Sitajakhala Dugdha Utpadak Samabai Samiti
- Trade name: Sitajakhala
- Company type: Cooperative Society
- Founded: 1958
- Headquarters: Sitajakhala, Jagiroad, Morigaon district, Assam, 782413
- Area served: Middle Assam
- Key people: Ranjib Sharma (Chairman)
- Products: Pasteurized Milk, Dairy Products
- Website: https://sitajakhala.com

= Sitajakhala Dugdha Utpadak Samabai Samiti =

Co-operative society

Sitajakhala Dugdha Utpadak Samabai Samiti (SDUSS), also known under Sitajakhala brand name is a cooperative milk producers' society based in Sitajakhala, Jagiroad, in the Morigaon district of Assam. Established in 1958, it is the only milk producers' cooperative society in central Assam.

Today, SDUSSL produces 15,000 liters of milk daily, with most of it being sold in the nearest towns and cities like Jagiroad, Morigaon, Nagaon and the capital Guwahati.

==History==
The cooperative society is in an area where Gorkha or Nepali-origin people have been raising cattle since before Independence. After Independence, as the demand for milk increased, the community organized and collaborated to meet the market needs of nearby areas.

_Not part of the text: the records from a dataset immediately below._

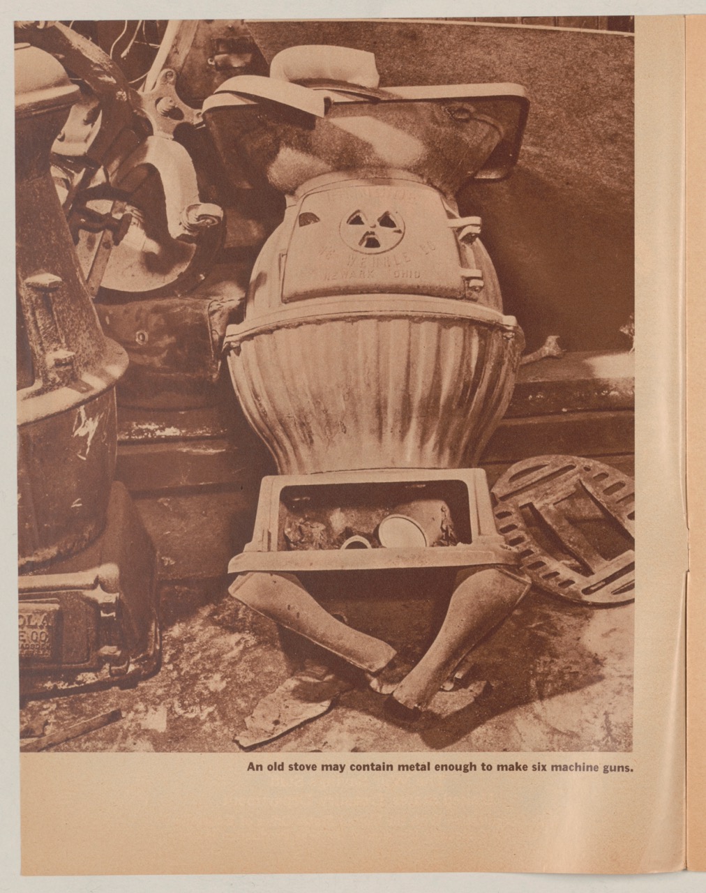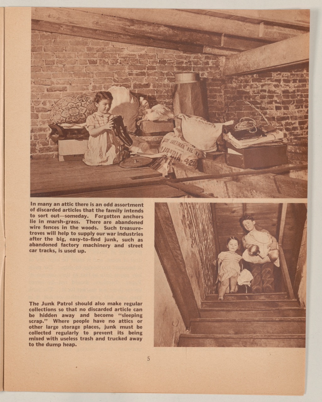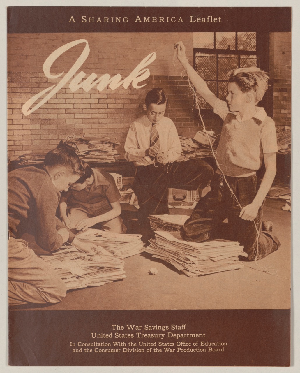 Published during World War II by the War Savings Staff of the U.S. Treasury Department, in consultation with the Office of Education and the War Production Board’s Consumer Division, this leaflet aimed to spur American youngsters into action. Titled simply “Junk,” it underscores how the smallest household scraps—from old metal hangers to discarded rubber tires—could be transformed into war materiel. Poignantly illustrated with early drawings by Theodor Seuss Geisel (Dr. Seuss), the piece captures a moment when recycling and resourcefulness were cast as patriotic imperatives.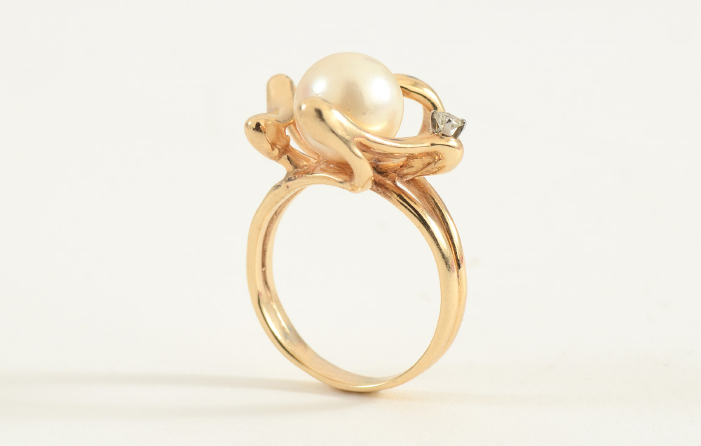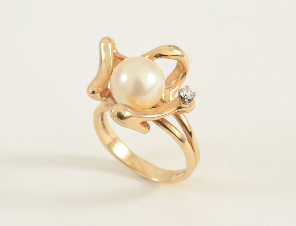 CONTEMPORARY 14K PEARL AND DIAMOND RING: 9.4mm cultured pearl centers this sophisticated 14k yellow gold ring punctuated with a .07 CT diamond. Size 7.5. Total weight 8.0 grams.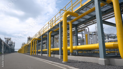An industrial landscape features a fuel processing facility with large yellow pipes running along the walkway. The cloudy sky creates a dramatic backdrop for the complex structure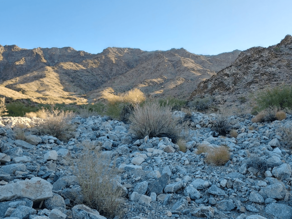 I woke up Sunday morning at 5:15am and quickly got ready to climb Granite Mountains High Point (4331 feet). Of course, “Granite” is just about the most generic name for a mountain I can think of. It’s not even the only Granite Mountain on the Desert Peaks Section list. The other is in Mojave National Preserve, and the two are actually close enough to see from the other summit. There is even a Granite Mountain in Anza Borrego State Park, which isn’t on the DPS list, but a fine peak all the same. I had driven in the night before, opting for the much longer, but easier eastern approach from Blythe. It is about 12 miles west on well graded Arlington Mine Road, and then another 10 or so miles northwest on Palen Pass Road. Palen Pass Road was pretty sandy in places and the wash crossings made it a little rough at the end. I would recommend high clearance and I was definitely happy to have AWD (but probably not required). I started hiking at 5:49am from 1557 feet.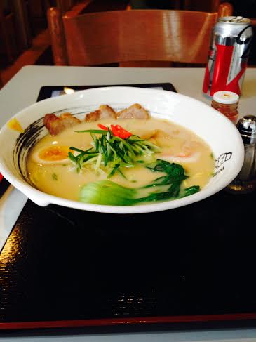 A pleasant waitress came by quickly with a glass of water a handed me a menu which looked like it had been dropped in a puddle and then used as a origami medium to create that creepy white cat or some other creature. It consisted of a number of ramen bowls, categorized into basic, hot, cuisine and tonkotsu. There were also a few interesting sides including a breaded pork chop, gyoza and octopus balls. As usual, I ordered the gyoza dumplings and opted for the tonkotsu ramen. You have the option of three levels of spice, so I ordered the middle intensity. The soup was out in minutes, served on a tray with shichimi and pepper. It was a pretty soup, topped with finely slice scallions, bok choy, bamboo shoots, roasted pork, egg and a fishcake. The broth was a vibrant, milky white contrasted by specks of red indicated that some heat would ensue. It had a balanced taste with a bite (definitely don’t go level 2 if you don’t like spice) that didn’t overpower the dish. In fact, there was no prevailing flavour which made for a nice base. The liberal use of scallions really helped the soup and the other ingredients, including the noodles, were cooked properly.
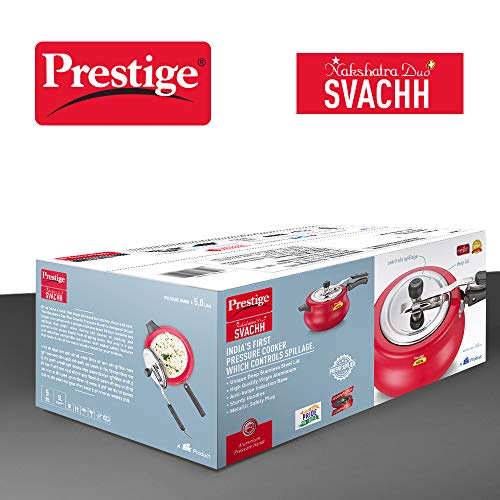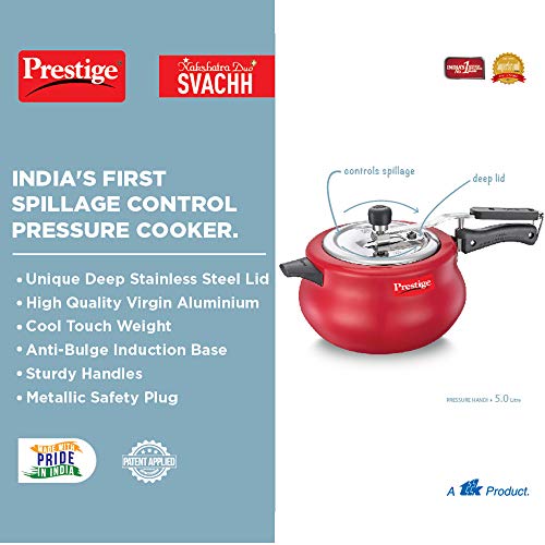 Prestige Svachh, 10753, 5 L, Nakshatra Duo Red Handi, With Deep Lid For Spillage Control, Aluminium, Inner Lid, 5 Liter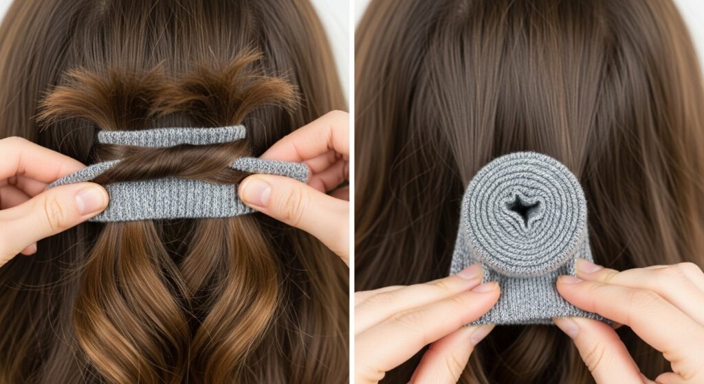 If you have very thick, long, or heavy hair, a single sock might not hold. The solution? Use two socks. Place one inside the other to create a stronger, thicker roller. This provides more support and holding power to set your curls effectively against the weight of your hair.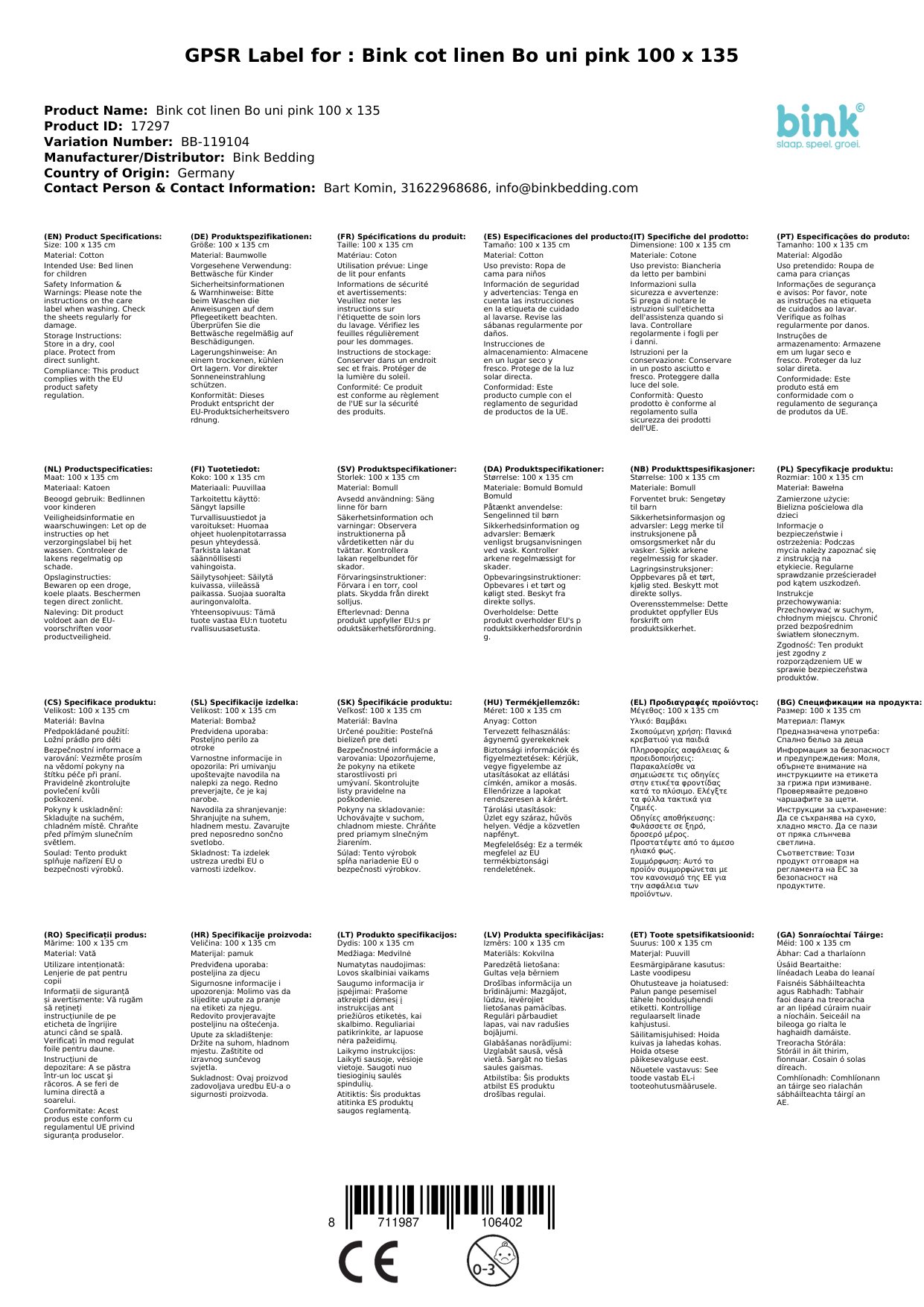 | Marke | Bink Bedding |

The society was formally established in 1958 by 17 members, including key figures like Nandalal Upadhaya and Sabilal Sharma, with the goal of eliminating middlemen from the milk trade and to create an organized marketing system for local milk producers, the society ensures that they receive fair prices for their products. They began with just 27 liters of milk from local cows. Nandalal Upadhaya faced significant resistance, including life threats from middlemen, as he worked to unite farmers.

In 1962, during the Chinese aggression, the society supplied milk to the Indian Army through the Central Dairy. Jersey cows were introduced in 1972 to boost production. On 14 November 2018, the society began distributing processed milk.

==Products==
Sitajakhala produces various dairy products, including pasteurized milk, curd, ghee, paneer, butter, buttermilk, and lassi. These products not only meet local dietary needs but also support the economic sustainability of the cooperative.

The society launched milk products under the Gonand brand in 2015. However, it later discontinued this brand and began producing under the Sitajakhala brand.